Dataset division: If the output data of training the primary learner is used to directly train the mate learner of stacking, it will cause the risk of overfitting. Therefore, we used a five-fold cross-validation method to process the two datasets. Firstly, datasets are divided into training dataset and testing dataset in 7:3. Then, the training dataset is divided into five equal parts, of which four-fold data are used to train CNN and SVM, and the remaining one-fold data are predicted and classified by the primary learner as the training dataset of the meta learner. For the testing dataset, the information extracted by the primary learner five times are averaged as the input of the mate learner for classification output.

4.2. Evaluation Criteria

To evaluate the classification effect of the GA-stacking model, accuracy, precision, sensitivity, and specificity defined by the confusion matrix parameters and F1-measure are used as the Performance metrics.

A c c u r a c y = \frac{T P + T N}{T P + T N + F P + F N}

(9)

P r e c i s i o n = \frac{T P}{T P + F P}

(10)

S e n s i t i v i t y = \frac{T P}{T P + F N}

(11)

S p e c i f i c i t y = \frac{T N}{T N + F P}

(12)

F 1 = \frac{2 \times P r e c i s i o n \times S e n s i t i v i t y}{P r e c i s i o n + S e n s i t i v i t y}

(13)

Accuracy represents the proportion of the correct samples predicted by the model.
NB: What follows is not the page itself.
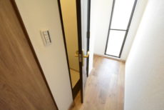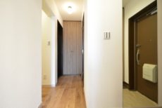 ドアを開けると正面は壁になっていて、廊下は左右に伸びています。戸口からお部屋の中が見えない構造で、宅配便やフードデリバリーなどを使う機会が増えている今の時代にピッタリですね。

Precision is the proportion of the samples diagnosed as diabetes by the model that actually have diabetes. Sensitivity in this article refers to the probability that the diagnosis is correct in patients with diabetes. Specificity in this article refers to the probability that the diagnosis is correct in people without diabetes. The F1-measure is the harmonic mean value between the precision in Equation (10) and the sensitivity of Equation (11).

4.3. Experiments and Results

The software environment of the experiment is Windows 10, which is equipped with Intel Core (TM) i5-8400 [email protected], 8G RAM, NVIDIA 1050ti graphics card. The deep learning algorithms used are Pytorch 1.4.0.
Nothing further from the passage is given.